MONMOUTH JUNCTION, NJ--(Marketwired - Oct 15, 2013) - Insmed Incorporated (NASDAQ: INSM), a biopharmaceutical company focused on developing an inhaled anti-infective to treat patients battling serious lung diseases in orphan indications that are often life-threatening, today announced that the Company has completed patient enrollment in its Phase 2 clinical study of ARIKACE^®, or liposomal amikacin for inhalation, for patients with recalcitrant nontuberculous mycobacterial (NTM) lung disease in the U.S. and Canada. ARIKACE has received Orphan Drug, Qualified Infectious Disease Product (QIDP) and Fast Track designations from the U.S. Food and Drug Administration (FDA) for the treatment of NTM lung infections. 

Separately, Insmed announced that it commenced the Scientific Advice Working Party (SAWP) process with the European Medicines Agency (EMA) and expects to have discussions with the EMA regarding ARIKACE for NTM lung disease during the fourth quarter of 2013. In addition, the Company is in the process of evaluating other international markets, such as Japan, where NTM lung infections are already a significant and growing unmet medical need. Insmed is actively developing a strategy for more broadly commercializing ARIKACE in this globally uncontested orphan disease market.

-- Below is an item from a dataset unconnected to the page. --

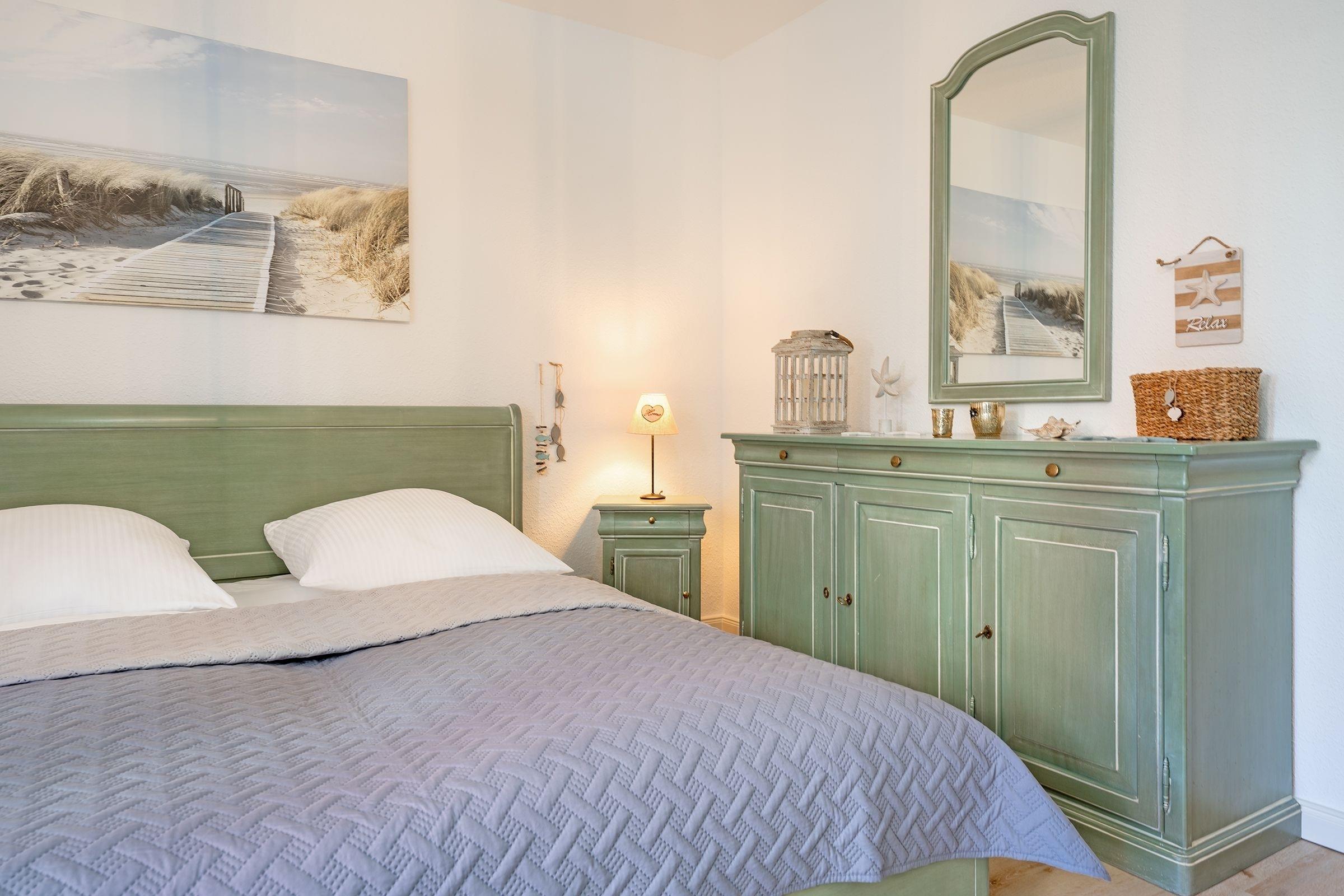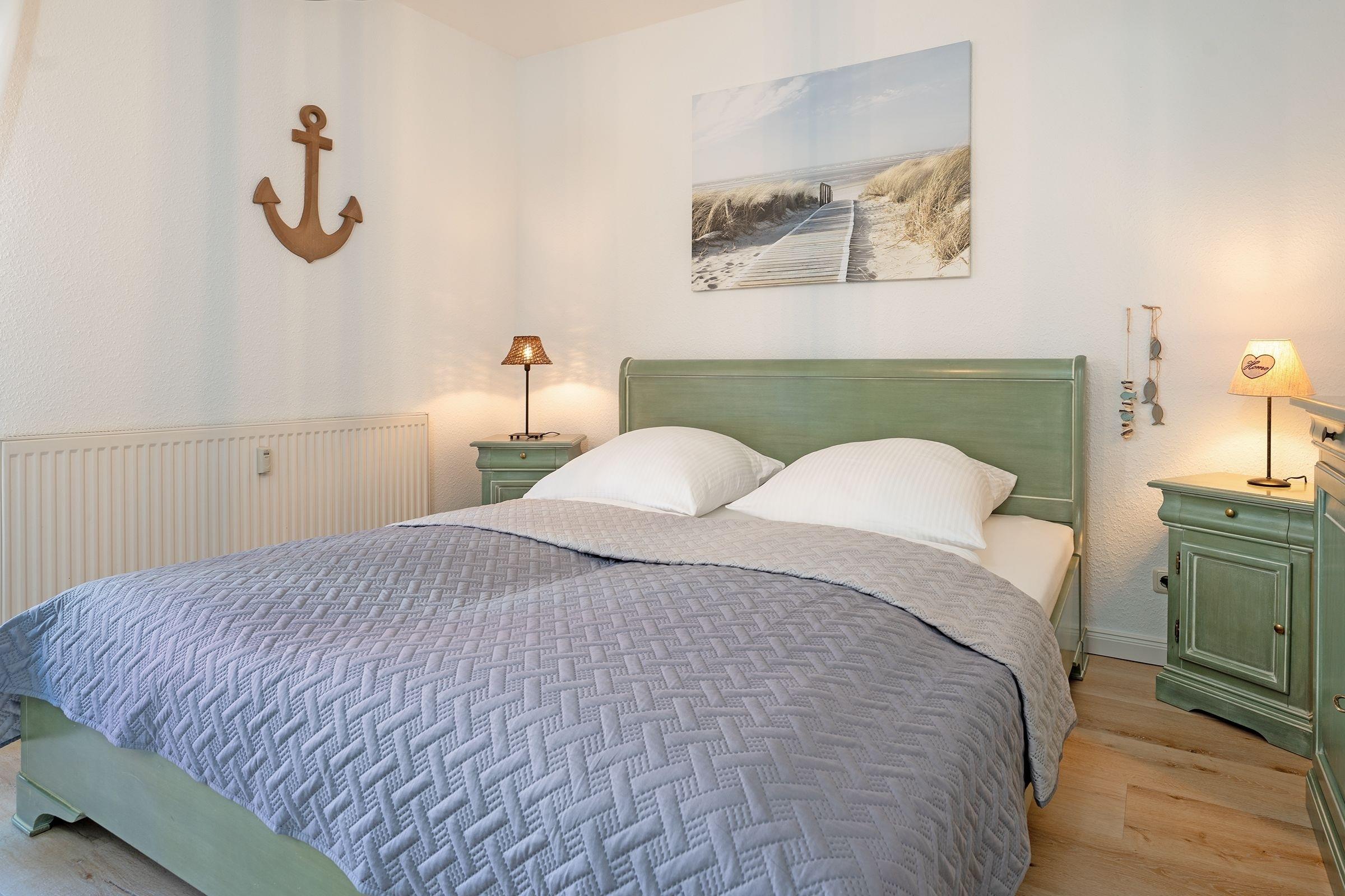Ein weiteres Highlight der Wohnung ist das liebevoll gestaltete und großzügige Schlafzimmer, das mit einem bequemen Doppelbett (2x 90x200 cm) für einen geruhsamen Schlaf sorgt. Nach Norden ausgerichtet ist es auch im Sommer stets angenehm kühl - Ihre Kleidung findet im geräumigen Kleiderschrank Platz. Schön sind die bodentiefen Fenster, verdunkelt wird mit elektrischen Außenjalousien. Das schicke, taghelle Duschbad mit Föhn und Kosmetikspiegel lässt Sie bestimmt mit einem Lächeln in den neuen Tag starten.

The Phase 2 clinical study is a randomized, placebo-controlled study of ARIKACE in adult patients with recalcitrant NTM lung disease. Eligibility for the study required patients to have been on the American Thoracic Society/Infectious Disease Society of America (ATS/IDSA) guideline therapy for at least six months prior to screening with persistently positive mycobacterial culture. All patients in the study continued with their antibiotic regimen, and received additionally, either ARIKACE or placebo, delivered once daily via an optimized, investigational eFlow^® Nebulizer System (PARI Pharma GmbH).

The primary efficacy endpoint in the study is the semi-quantitative measurement of the change in mycobacterial density on a seven-point scale from baseline (day one) to the end of the randomized portion of the trial on day 84. Mycobacterial density is a measurement currently used in clinical practice to assess the progress or decline of those patients with recalcitrant NTM. Following the randomized portion of the study, all eligible patients may choose to receive ARIKACE once daily for an additional 84 days in an open-label design.